Estos años no permiten una caracterización fácil. Si Buendía los representa a cabalidad, en 1986 se estrena Sábado corto, de Héctor Quintero, en 1987 Weekend en Bahía, de Alberto Pedro, mientras que en 1988, Mi socio Manolo, de Eugenio Hernández, se desempolva: estrenos que confirman que la vía cubana para el realismo tampoco está agotada.
¿Qué hace la crítica? A la zaga de los procesos reales, mucho más informada y atenta, pero sin posibilidades ciertas de ser difundida, se limita al estudio pormenorizado y a devenir en conciencia desde el interior de grupos, proyectos o colectivos. Desde el punto de vista conceptual, si los ochenta disuelven una polaridad, proponen a la crítica la necesidad de replantearse el juego de oposiciones en que hemos sustentado nuestro discurso. Polaridades como coturno vs. chancleta, culto-popular, nuevo-viejo, conformista-resistente, “teatro sociológico” vs. “teatro de la identidad” han sido categorías que demuestran su debilidad frente a la multiplicidad de voces emergentes, el sinnúmero de creadores que han buscado su espacio fuera de la estructura teatral vigente, que reordenan el sistema con su actitud y que quizás con más urgencia reclamen una crítica que acompañe sus desafíos. Este reto requiere formas inéditas que superen la dualidad y la dicotomía. Se impone también una relectura crítica.
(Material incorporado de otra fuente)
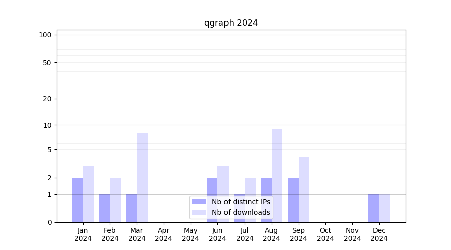 Number of downloads for workflow package qgraph, year by year, from 2025 back to 2015 (years with no downloads are omitted):
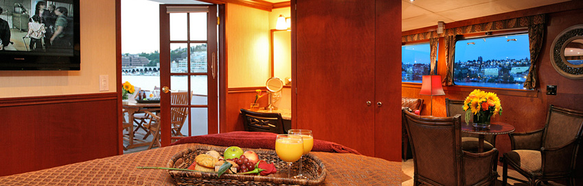 Each stateroom is comfortably furnished and equipped with its own entertainment system, and the two master

* Estas notas fueron leídas durante un encuentro convocado por la Sección de Crítica de la Asociación de Artistas Escénicos de la UNEAC, celebrado en junio de 1992, bajo el título “EI teatro de los ochenta”. Tentada de actualizarlas a partir de la invitación al debate aparecida en “Asumir la totalidad del teatro cubano”, he incluido dos comentarios al margen.
[1] Conjunto, n. 88, julio-septiembre, 1991, pp. 26-30.
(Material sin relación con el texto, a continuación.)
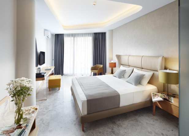 Хотелът приема гостите си в 150 стаи, проектирани с отличителния средиземноморски вкус, изискани детайли и най-новите технологии. Всяка стая е елегантно проектирана, с изглед към града или басейна и има телефон, сателитни телевизионни канали, телевизор с плосък екран, сейф, климатик, отопление, гардероб, душ, сешоар, чехли, мини-бар, чайник, събуждане , Wi-Fi интернет е наличен във всички стаи.
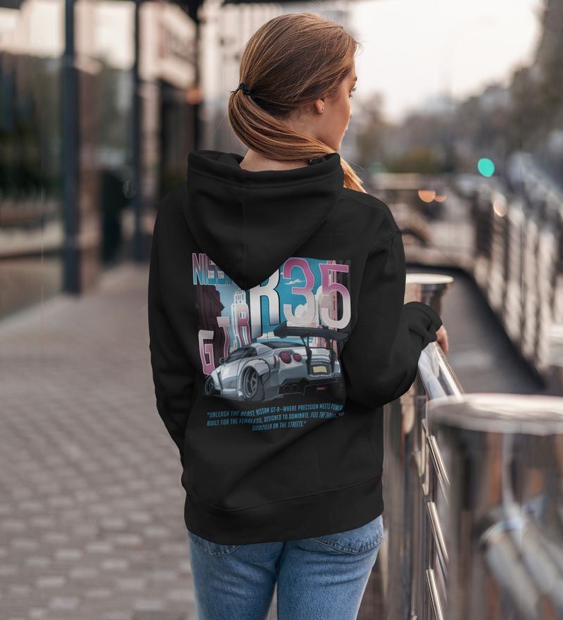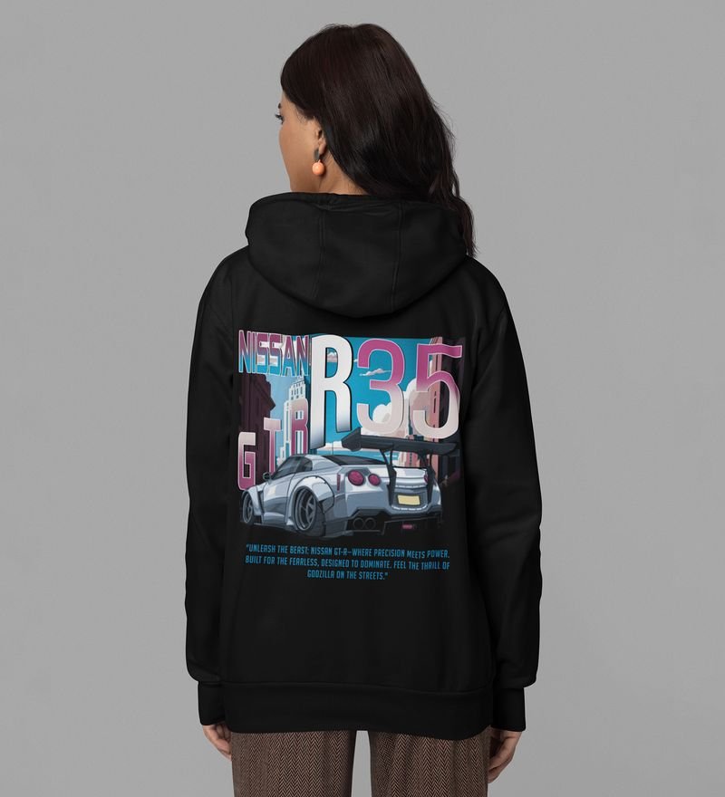 R35: Where Power Knows No Limits High-Performance Car Printed Black Hoodie for Women

[2] El feliz término de Ambrosio Fornet corre el riesgo de vaciarse de contenido
de tanto repetirse. Los 70 tampoco pueden liquidarse de un plumazo a golpe de frases hechas. Y menos aún localizar un decenio por oscuro que sea entre finales de 1965 y hasta el 76, porque sería trasladar a la creación teatral las mismas fórmulas administrativas que hemos criticado como nocivas, y otorgar a la sola creación del Ministerio de Cultura el don de resolver las contradicciones. La insistencia de la crítica actual dentro y fuera de Cuba, en ofrecer casi siempre una visión reductora de esta etapa debe hacernos pensar en cómo construir la base historiográfica necesaria para explicarnos experiencias muy diversas. Pero tendría que primar una mirada serena, rigurosa y desprejuiciada. Si bien hace falta crítica a los errores de la política teatral, un análisis apresurado arrojaría que esos años cobijan el hito de la puesta de María Antonia, el surgimiento de Los Doce y el Teatro Escambray, y que ,entre 1970 y 1978, se producen piezas tan significativas como Fray Sabino, de José R. Brene (Premio UNEAC 1970); Si llueve te mojas como los demás…, de Héctor Quintero (1971); La vitrina, de Abilio Paz (1971); y El juicio, de Gilda Hernández (1973), cuya importancia estriba no en términos de una escena complacida y complaciente sino de interpretación y crítica de la realidad actual. Este período reclama un estudio atento. La arremetida desproporcionada que sufre tiene que ver, en mi opinión, no sólo con la superación lógica de una estética y una sensibilidad, sino con una crisis del pensamiento y el afán de desacreditar la posibilidad de un teatro crítico dentro del socialismo.
[3] Teatro cubano contemporáneo. Antología, editada por el Centro de Documentación Teatral, Madrid, 1992. La antología, prolijamente descrita y comentada, tiene una nota del director de la colección: dos páginas a manera de nota introductoria en la que no satisfecho con las tres líneas ofensivas del prólogo sienta la pauta de la política de su editorial. Su lectura del teatro cubano es esquemática y superficial, y parcialmente dura su sentencia: “Desde finales de los sesenta, aquel sueño de libertad comienza a ser sistemáticamente administrado por un turno implacable de comisarios”. Pero la antología es tema aparte y La Gaceta nos ha invitado a la discusión.
[4] Notas al programa de Lila, la mariposa.